Perhaps one of the most challenging career paths an individual can take is that of the safety professional. Yes, it may be true that there are professions that are more dangerous such as police officer, fire fighter, utility worker, etc. but it is the safety professional with his knowledge, experience and skills that will bring these individuals home safely every day.

Workers in just about every field of endeavor face on-the-job hazard on a daily basis. Committed safety managers try to ensure safety by applying OSHA regulations to minimize workplace hazards and exposures. In many cases it seems like these efforts are challenged by production managers whose priorities are to get "product" out the door under stringent time constraints and to hold the company's bottom line.

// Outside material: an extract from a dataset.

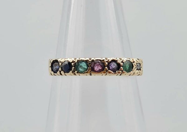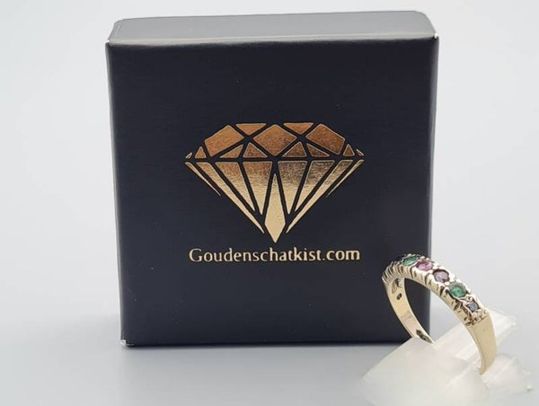 Vintage aanschuif ring met saffier, smargd, robijn, topaas, dia en granaat. 2022/833.
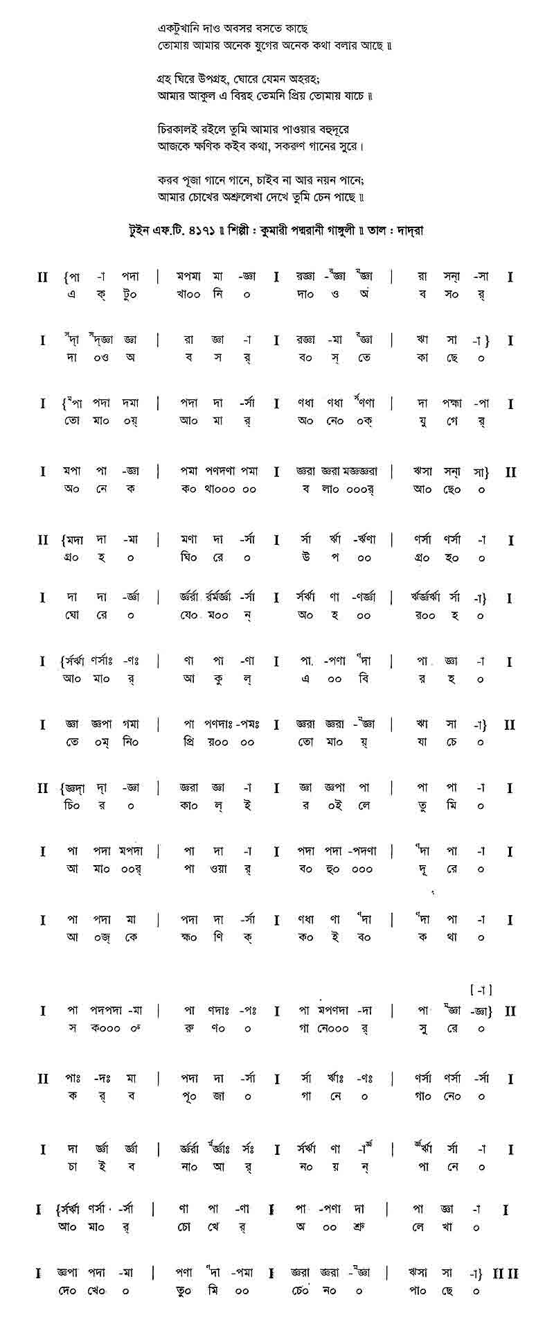 বাদ্ল হাওয়ায় তাল্‌বনা ঐ বাজায় চটুল্ দাদ্‌রা তাল,

Legitimate reasons -but at what cost?

Fatalities and serious injuries are still occurring in the workplace even with everyone's best efforts to decrease these numbers or even bring them to a screeching halt. What is the answer? Is it that companies don't care or want to spend the money for safe equipment, processes and procedures? Unfortunately, the answer is yes. We can read any safety publication and see the huge fines given to companies for non-compliance of OSHA regulations which lead to the serious injury of their employees. But fortunately, these companies are few and don't represent the vast majority of companies with visionary leaders who are at the forefront in promoting safety for their employees.

In a recent article of Safety & Health magazine (February 2005) major CEO's of companies were interviewed about their commitment to safety. The article entitled CEO'S Who 'Get It" showed overwhelmingly that their driving force was because it was the right thing to do. Safety does pay.

Somewhere along the way, these executives were sold on safety. Whether they practiced safety principles on their way up the executive ladder or they were sold on safety by motivated safety professionals, they believe that safety is a core value in their company.

What about your company? Is upper management committed to safety or are you having a difficult task as safety manager in selling your programs? Selling is a learned skill and sometimes success comes after many failures. Book stores are filled with sales books and the techniques used to be successful in this endeavor. Perhaps these are the techniques safety professionals must utilize if not master to sell safety.